Derivative Calculator

How Derivatives Are Computed

A derivative measures the instantaneous rate of change of a function — the slope of its graph at any point. The formal definition is: f'(x) = lim(h→0) [f(x+h) − f(x)] / h. In practice, derivatives are computed using established rules rather than this limit every time. The Power Rule handles xⁿ (giving nxⁿ⁻¹). The Product Rule handles f·g (giving f'g+fg'). The Chain Rule handles compositions f(g(x)) (giving f'(g(x))·g'(x)).

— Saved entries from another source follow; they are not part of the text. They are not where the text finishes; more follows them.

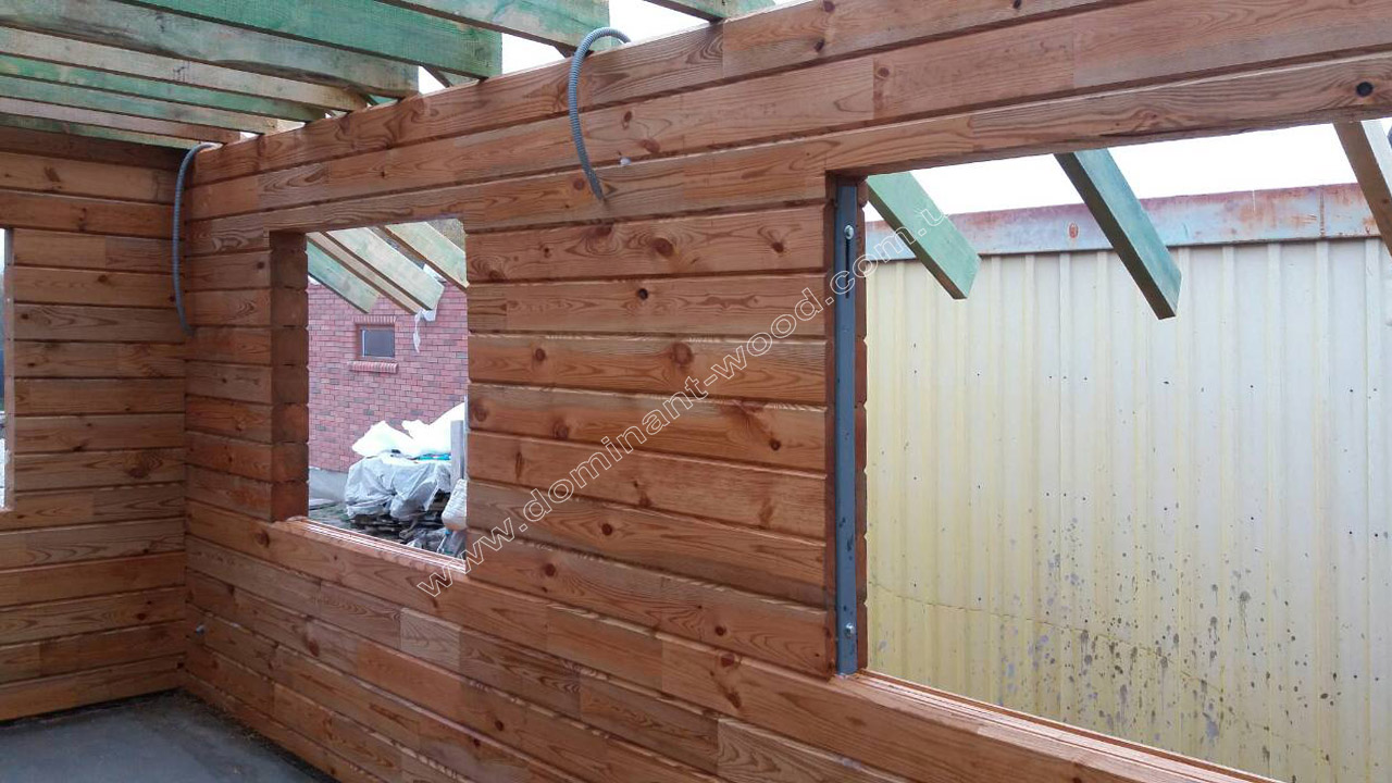 Так само гідним вибором для зведення стін лазні є клеєний брус. На нашому виробництві пропонується товщина клеєного брусу 120 мм і 180 мм. Для будівництва лазні оптимальний вибір - 120 мм. Цього достатньо для підтримання приємного мікроклімату всередині приміщень. Завдяки низькому коефіцієнту теплопровідності соснова стіна товщиною 120 мм еквівалентна товщині 500 мм цегляної кладки. Тому соснова деревина - найбільш теплий, природний і естетично привабливий вибір з усіх інших будівельних матеріалів. А професійно оброблений від шкідників та загоряння брус стане запорукою довговічності будь-якої стінової конструкції.
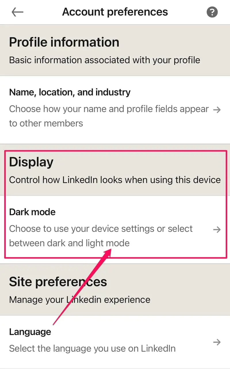 • LinkedIn’in karanlık modu, web sitesinde veya mobil uygulamasında etkinleştirilir.
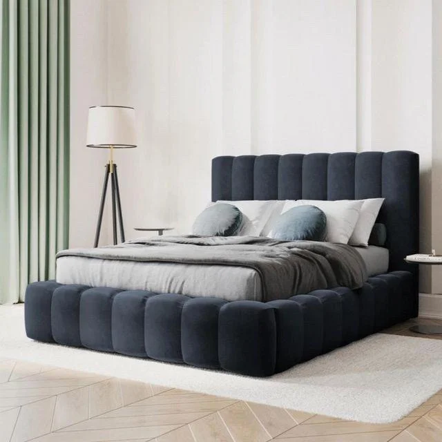 سرير منجد بالمخمل – رمادي
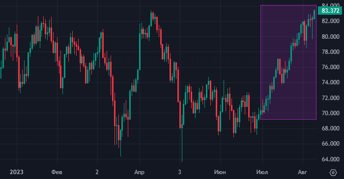 С начала июля котировки нефти WTI прибавили около $15 за баррель, и если эта ситуация сохранится до конца августа, то данный фактор может повысить значение широкого индекса потребительской инфляции за текущий месяц на 0,3%. Если же в дальнейшем цены на нефть вырастут до $100 за баррель, то, по нашим подсчетам, широкий индекс расходов на личное потребление (PCE) в США дополнительно прибавит 0,7% в III кв. 2023 года и еще 0,1% в I кв. 2024 года.
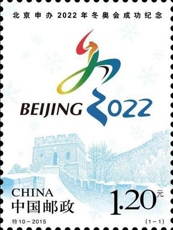 2015年7月31日,北京成功获得2022年第24届冬奥会举办权,举国上下一片沸腾。为纪念北京这次申办冬奥会成功,中国邮政于31日晚上特别发行一枚《北京申办2022年冬奥会成功纪念》邮票。邮票设计突出表现了北京申办2022年冬奥会的标志,同时辅以白雪覆盖的长城为衬托,带给人们冬季白雪茫茫的视觉感受。该套邮票由夏竞秋设计。

The Quotient Rule handles f/g (giving (f'g−fg')/g²).

Common Derivative Formulas

d/dx[xⁿ] = nxⁿ⁻¹ · d/dx[eˣ] = eˣ · d/dx[ln x] = 1/x · d/dx[sin x] = cos x · d/dx[cos x] = −sin x · d/dx[tan x] = sec²x · d/dx[arctan x] = 1/(1+x²) · d/dx[arcsin x] = 1/√(1−x²). These formulas combined with the four main rules allow differentiation of almost any expression.

Step-by-Step Derivative Examples

Example 1: f(x) = 3x⁴ − 2x² + 7x − 1 → Apply Power Rule to each term: f'(x) = 12x³ − 4x + 7.

Example 2: f(x) = x²·sin(x) → Product Rule: f'(x) = 2x·sin(x) + x²·cos(x).

Example 3: f(x) = sin(x²+1) → Chain Rule: f'(x) = cos(x²+1)·2x = 2x·cos(x²+1).

Example 4: f(x) = eˣ/(x+1) → Quotient Rule: f'(x) = [eˣ(x+1) − eˣ·1]/(x+1)² = eˣ·x/(x+1)².

When to Use Each Rule

The right approach depends on the structure of the function. Product Rule: two functions multiplied, neither a simple constant. Quotient Rule: a fraction where both numerator and denominator depend on x. Chain Rule: any composition — any function where the argument is not plain x. Power Rule: any term of the form xⁿ with constant n. Multiple rules often apply simultaneously: d/dx[sin(x²)·eˣ] requires both the Product Rule (sin(x²) times eˣ) and the Chain Rule (for sin(x²)).